Former UBS trader says bank ‘mandated’ conduct that led to ban his from industry

kyiuki

Bloomberg

An ex-UBS Group AG trader banned from the finance industry over allegations that he manipulated Libor rates told a London court that his actions were “mandated” and “sanctioned”
by the bank.
Arif Hussein, a former head of UBS’s sterling rates desk, is challenging a decision by the Financial Conduct Authority to ban him at a London court hearing on Tuesday. His lawyer said in court documents that his actions were “not only permissible but mandated, sanctioned by the words and conduct of his senior managers.”

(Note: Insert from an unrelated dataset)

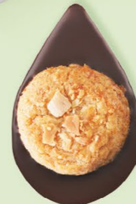
BISCUIT AMANDES Chocolat noir 60% de cacao
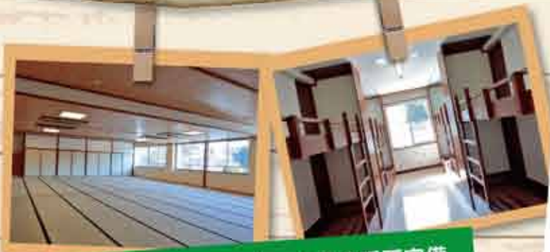
宿泊定員は 223 人 全室冷暖房完備

“Hussein, a very junior trader, has been penalised by the FCA when other, more senior bankers, with an involvement and responsibility for setting up the structures and regime which Hussein was mandated to follow, have been allowed to walk away,” his lawyer, Sara George, said in a statement. “Hussein’s actions, from which he derived no personal benefit at all, were simply routine, in accordance with his employer’s policies and procedures.”
The FCA has handed out hundreds of millions of pounds in fines — including a 160 million-pound ($217 million) penalty for UBS — over the manipulation of the London interbank offered rate, a key benchmark tied to the value of many financial products. Traders caught up in the scandal have tried, with varying degrees of success, to use their inexperience as a defense in proceedings in criminal and civil courts as well as employment tribunals.

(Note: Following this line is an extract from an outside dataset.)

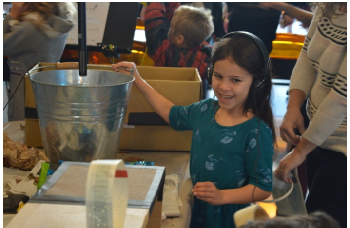
Photos (D-G) : Un enfant de 3 e année de l'École Francojeunesse (photo fournie); des enfants prennent part à une activité d'avant-spectacle avec leurs parents.

The FCA said in its own court papers that Hussein “knowingly participated in conduct intended to improperly influence UBS’s GBP Libor submissions.” Regulators said that the case against Hussein is “even stronger” now than it was when the agency first decided to ban him in 2016.
UBS declined to comment on the case. The FCA says Hussein tried to influence interest-rate benchmark submissions 21 times between January and March 2009 to benefit his trading positions. Global fines related to Libor, a benchmark interest rate used in trillions of dollars of derivatives and loans, have reached about $9 billion and more than 20 traders have been charged.